I've been pulled away from my work this past week but  yesterday I spent some time at my worktable rummaging through various bits and pieces of fabric, thread and paper of the work I've been doing exploring ...

where was I and where am I going to?

and how might I get there...

a few thoughts trickled in, then another and another and in an instant I went from feeling inspired to feeling rather overwhelmed

with limited time how do I capture all this so I don't forget the excitement of it?

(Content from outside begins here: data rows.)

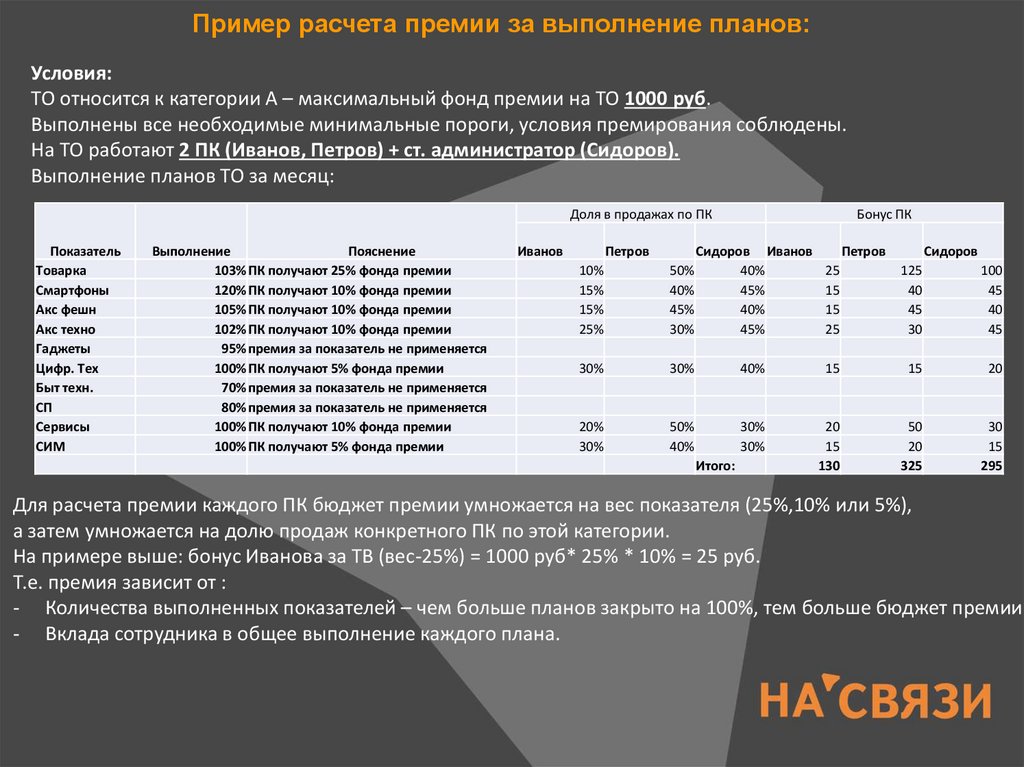 Чем больше планов выполнено на 100% и выше , тем больше бонус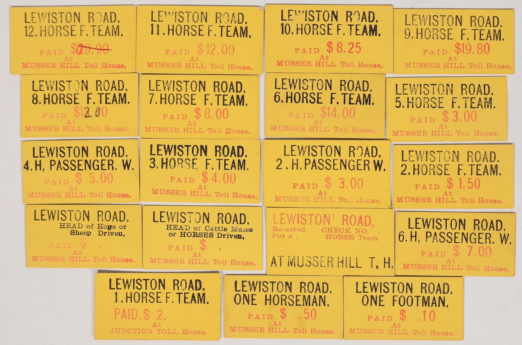 Yellow Tickets. Various fares .10-$14. Approx 15+. Good Condition. Musser Hill Toll House and Lewiston Road.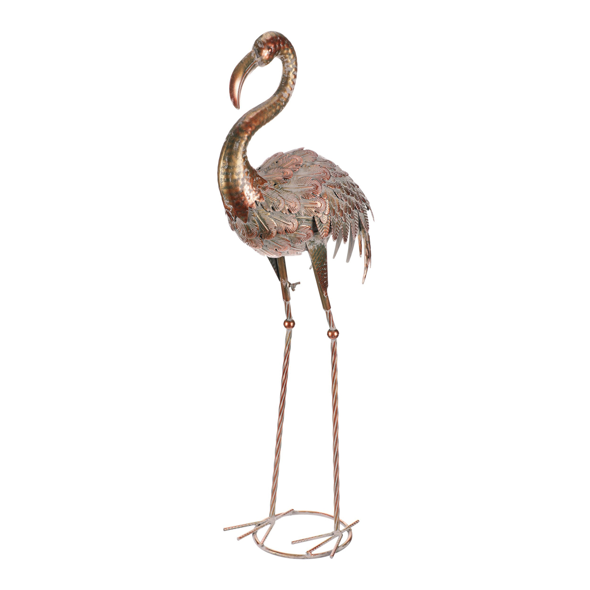 Elegantný plameniak s metalickým povrchom v medených a jemných kovových odtieňoch, vhodný do exteriéru.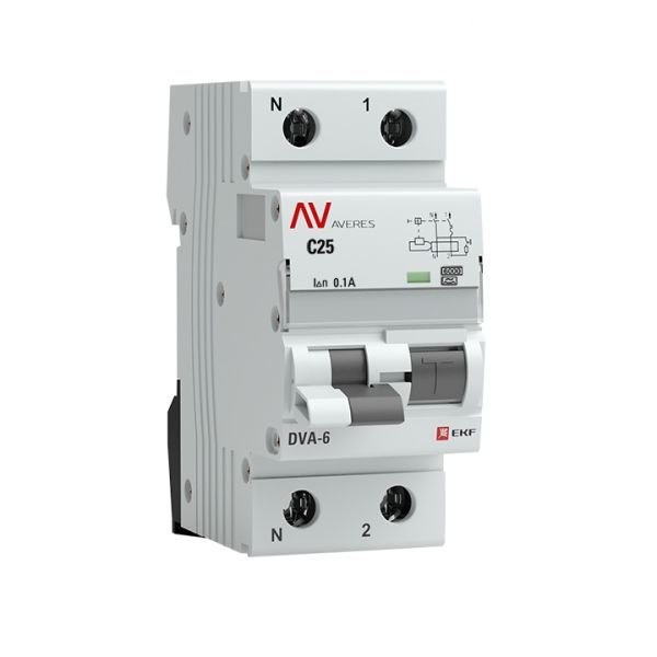 —EKF Averes DVA-6 Диф. Автомат (C) 1P+N 25А/100мА тип А 6кА, арт rcbo6-1pn-25C-100-a-av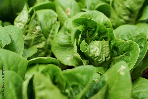 Fresh organic green cos lettuce growing on a natural farm. Photosynthesis salad vegetables growth on the soil in the plantation.
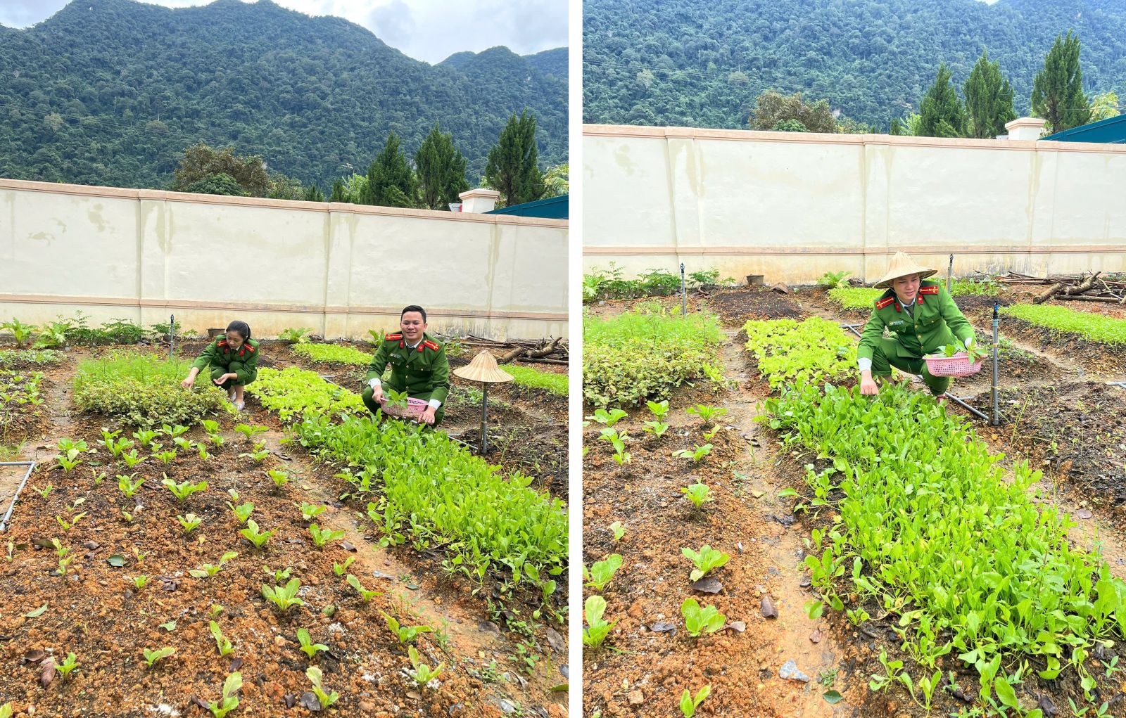 Cán bộ, chiến sĩ Công an xã Hồi Xuân chăm sóc vườn rau sau giờ làm việc
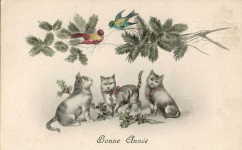 VINTAGE NEW YEAR GREETING postcard: CATS & PRETTY BIRDS 1912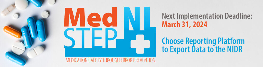 The next implementation deadline for the MedSTEP NL program is to choose a reporting platform to export data to the National Incident Data Repository (NIDR) by March 31, 2024.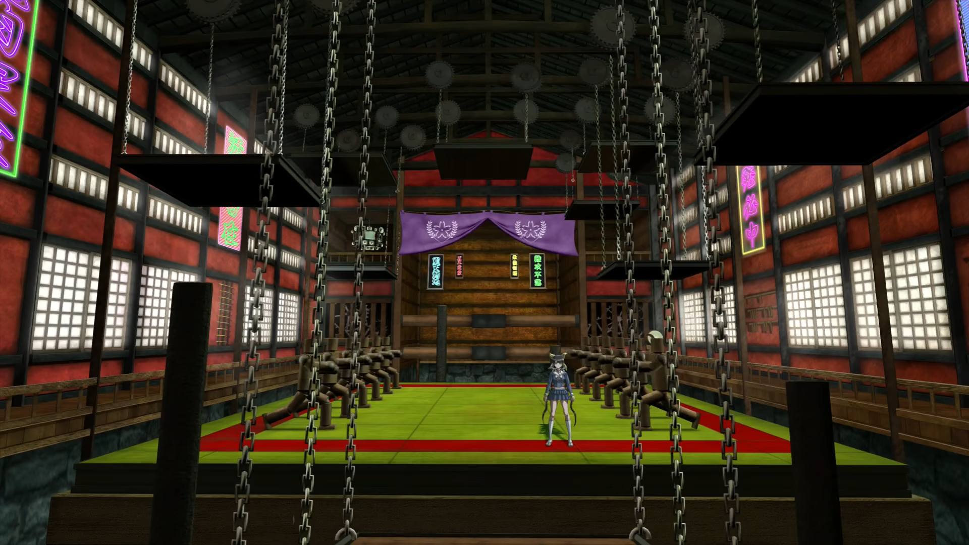 The Ultimate Aikido Master Lab (超高校級の合気道家の研究教室) is first found in Chapter 3. This lab belongs to Tenko Chabashira. It is located in the courtyard, next to the Shrine of Judgement. It's a large and spacious dojo with several platforms hanging by chains to the ceiling, and several automated-moving practice dummies to spar with. A large purple banner hangs in the middle with a logo resembling the patterns in Tenko's bow. In Chapter 4, Himiko, Gonta, and Shuichi practice Aikido in a bonus event after her death to honor her.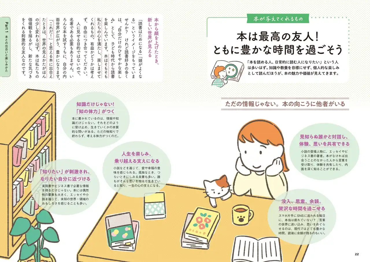 本を1冊読みきれない、学生のころ国語が苦手だったから本に苦手意識がある、まとまった時間が取れない、そもそも何を読んだらいいかわからない…、本書ではそんな人に向けて、本との出合い方、自分に合う本の見つけ方、堅苦しくない読み方などを楽しく紹介! さらに、本をテーマにした旅や、1冊の本が出来上がるまでの工程、本とかかわる仕事など、本をもっと自由に楽しむための情報も満載です。 |
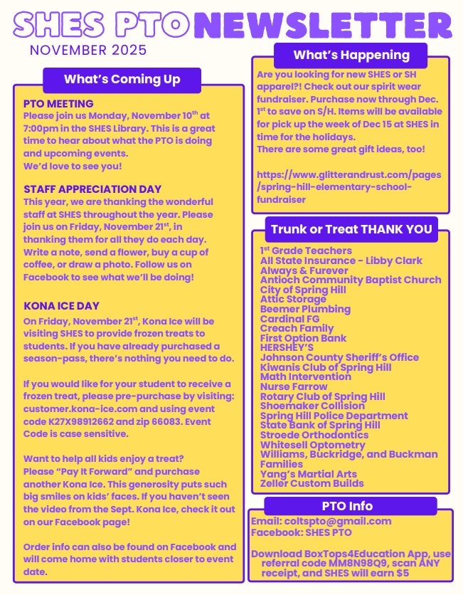 - Veteran's Day Celebration @ 8:00 AM in the SHES gym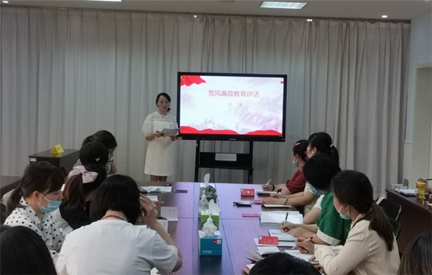 会议第三项议程为党风廉政教育工作部署,端午节即将到来,万洁书记向全体党员发出倡议与提醒:全体党员干部要带头崇廉拒腐,自觉在廉洁自律上追求高标准,在严守党纪上远离违纪红线,坚决杜绝“节日腐败”,努力践行“两学一做”,增强“四个意识”,争做新时代的“四有”好教师。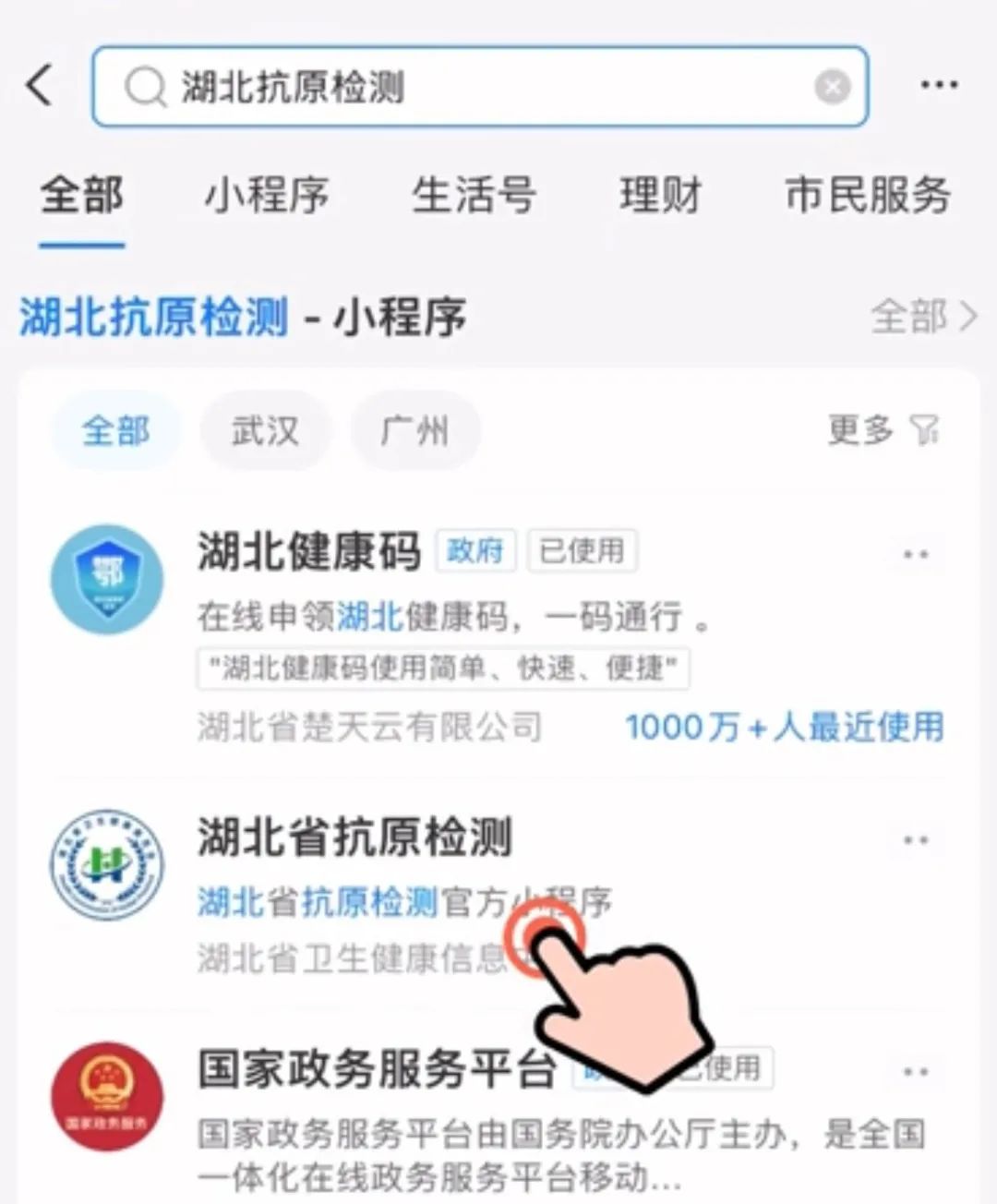 1.首先打開支付寶,搜索“湖北抗原檢測”,點擊“湖北省抗原檢測官方小程序”,進入“個人檢測上報”。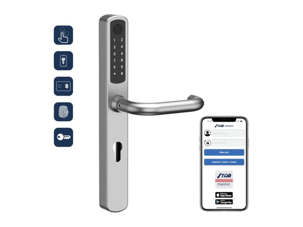 Elektromechanické štítové kování pro odemykání smartphonem, kódem nebo čipem, také ve variantě s integrovanou čtečkou otisků prstů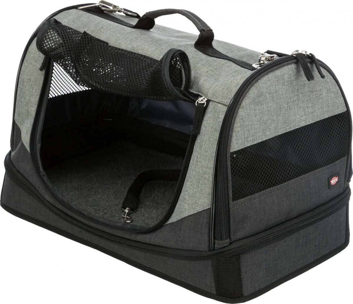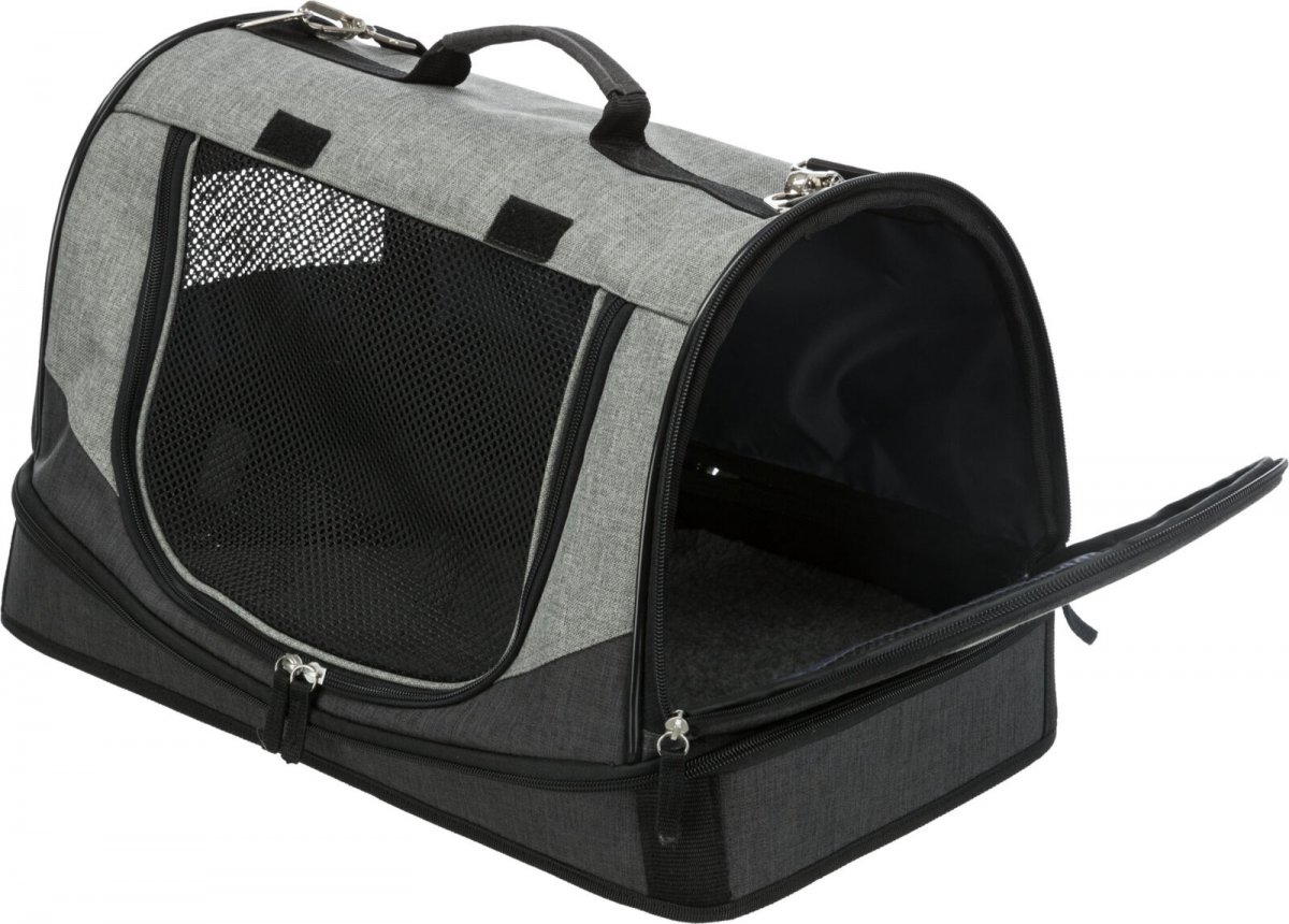 Trixie Torba transportowa "Holly" to idealna opcja dla właścicieli małych psów i kotów, którzy chcą zapewnić swojemu pupilowi wygodny transport oraz wygodne miejsce do spania w czasie podróży. Torba wykonana z trwałego poliestru z dodatkowymi kieszeniami na smakołyki i dokumenty. Może pełnić funkcję transporter lub łóżeczka, posiada zdejmowaną górną część i montowany pas na ramię. Zapewnia dobrą cyrkulację powietrza i posiada wygodny materacyk z imitacji owczej wełny dla dodatkowego komfortu.
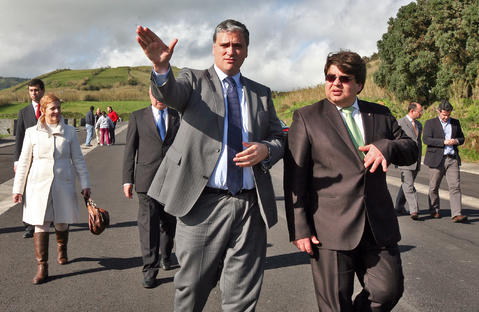 Registo fotográfico do Presidente do Governo, Vasco Cordeiro, acompanhado com o Presidente da Câmara Municipal da Horta, João Fernando Brum de Azevedo e Castro, na visita à área exterior do Parque Empresarial e Tecnológico da Horta, na zona industrial de Santa Bárbara, Freguesia de Angústias, Concelho de Horta.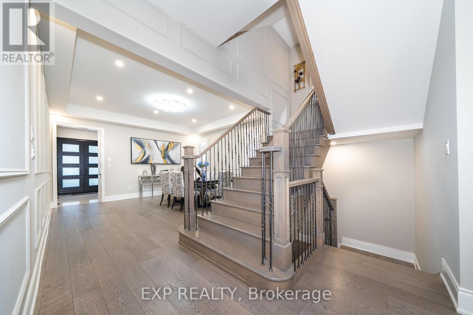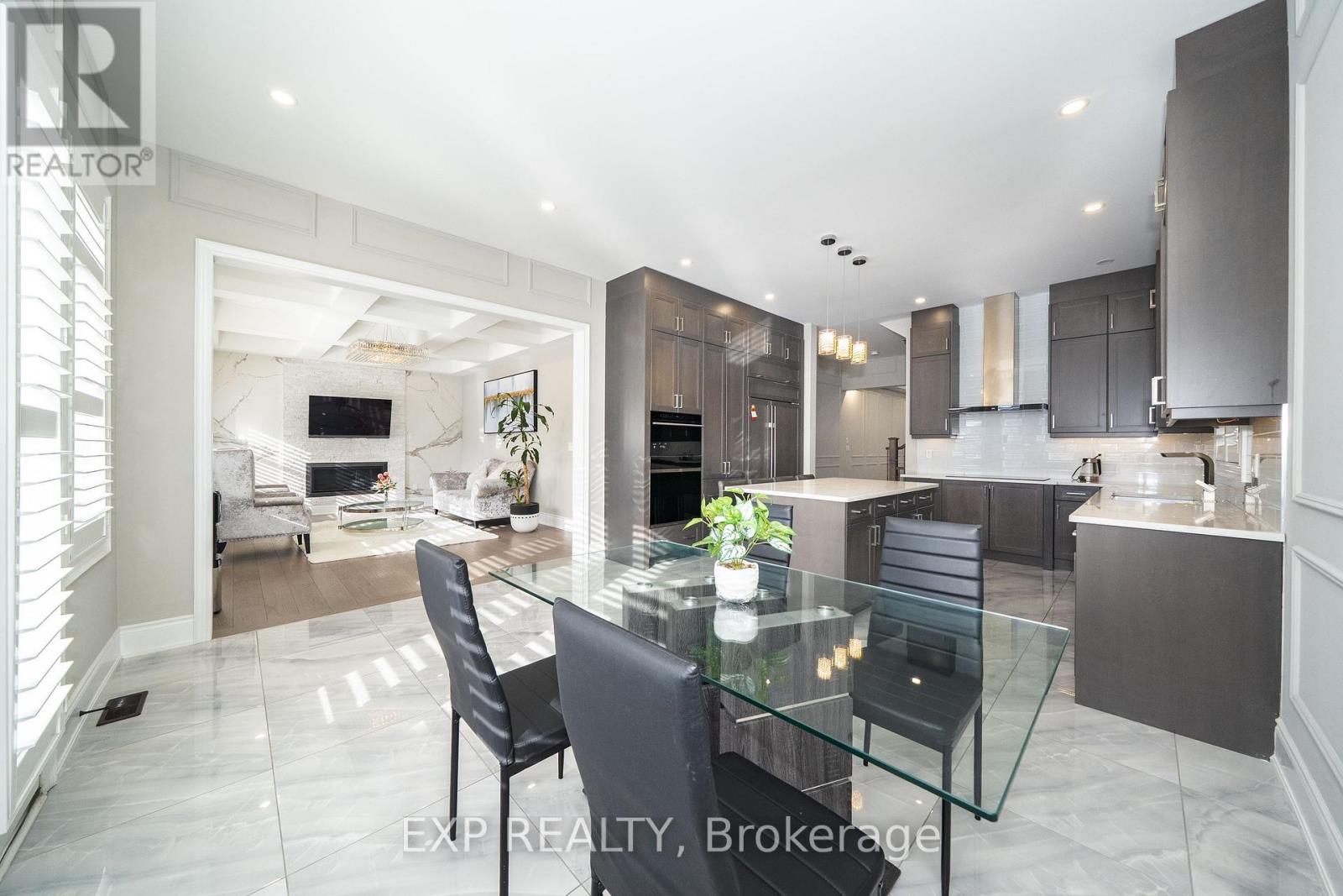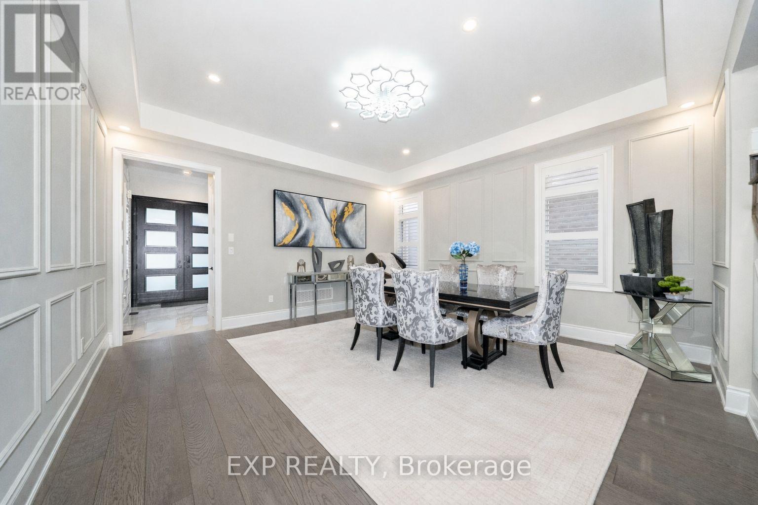 Welcome to 164 Milky Way Drive, an exceptional three-storey detached home offering 4,545 square feet of luxurious above-grade living space (as per MPAC), ideally situated in one of Richmond Hill's most sought-after communities.complete with a 3-car tandem garage. Set on a premium south facing lot with no sidewalk, this remarkable home blends architectural presence with impeccable craftsmanship and tons of custom upgrades. A grand double door entry introduces soaring 10 foot ceilings on the main level and 9 foot ceilings on the upper and lower levels. Rich hardwood flooring flows throughout, complemented by coffered and waffle ceilings, pot lights with dimmers. Designed for both grand entertaining and everyday living, the open concept layout features a formal dining area, a private main floor office, and an inviting family room with a statement waffle ceiling and gas fireplace. The chef inspired kitchen is a showcase of luxury with custom cabinetry, soft closing drawers, and an expansive center island, while a bright breakfast area walks out to the beautifully interlocked backyard. All four bedrooms are generously proportioned, each with its own private ensuite, every room comfortably accommodating a king size bed. The primary retreat offers a spa inspired five piece ensuite and walk in closet. The expansive third floor loft with balcony access provides exceptional flexibility ideal as a guest suite, nanny quarters, executive office, or additional entertainment space. The open basement offers further customization potential. Perfectly positioned minutes to GO Transit, Highways 404 and 407, David Dunlap Observatory Park, fine shopping, dining, and everyday conveniences. (42239552)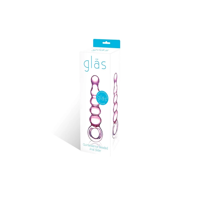 The Glas Quintessence dildo is deliciously textured and incredibly versatile. This piece features a graduated, beaded design with a slightly bulbous tip, allowing you to slowly work your way up to increasing amounts of girth. It also sports a large, easy to grip ring at the base for maximum maneuverability and comfort.

I've tried writing detailed notes and drawing diagrams etc. but something is always lost in the translation and over time the notes aren't enough and everything I was feeling fizzles out

a few years ago I was in the same position with a different idea and I took to making small studies in fabric, thread and paper

little snapshots of what I was seeing in my mind, as fragmented as the fleeting thoughts themselves

for some reason a tiny piece of fabric can hold as much information as a few dozen words 

and it holds the excitement as well



in looking through these small studies (they're approx. 1 1/4" square) I was taken back when to when I did them, the reasons why are as sharp and relevant now as they were then




a few stitches, scrap of cloth

some held together by pins or paperclips








over time I referred back to them whilst working on various things

there's always something there to guide me, or to spark an idea




over the past few weeks I've gathered so many ideas for my Japanese design aesthetic inspired work that I haven't been able to keep up with documenting them but I think this might be the perfect way to do it

small snippets, just a few stitches, or one ragged edge

a wealth of information in the smallest pieces and the simplest work

sometimes I think these little pieces are not just a way to store information or ideas

sometimes I think they might just be the way



the Haiku continue… it hasn’t been easy but i’ve kept at it, every day. Here are a couple of recent ones:


Crocus 


spring's purple anthem

perversely poking through snow

tenacious impatience


crocuses in the Yukon… through thick and thin, and snow




Bald Eagle



that piercing gaze

measure taken, then dismissed

the humbling of it



an eagle sitting atop a tree, looking down at me for a moment, and then not

jillayne




Saturday, May 3, 2025

making my mark


last Sunday morning, whilst sitting at my writing table I noticed the sun was reflecting something onto the wall at my right

after watching it for a while I decided it reminded me some kind of letter form

not one in a written language I was familiar with, more of an Asemic version of what a letter/word mark might look like

I started trying to write it but was afraid the light show might disappear before I had it so I ran and grabbed my phone to take a picture

because the reflection was down low and there was a cabinet blocking my access I had to take the photo from an odd angle so it doesn't look quite like what I saw from my desk but it's close




the lines on the left weren't there and faint lines at the bottom centre weren't visible either, just the stronger, bolder ones

the two small marks on the scrap of graph paper in the image below are what I first drew - as I shifted side to side in my chair I could see both of those marks

then I edited them, simplifying, striving for something cleaner, less intricate




I did many of the small versions and when I was satisfied with what I was doing I thought about what I might use the mark for

it feels rather personal, the way it happened to show up on my wall, just where I could see it as I wrote... perhaps I could use it a "maker's mark"?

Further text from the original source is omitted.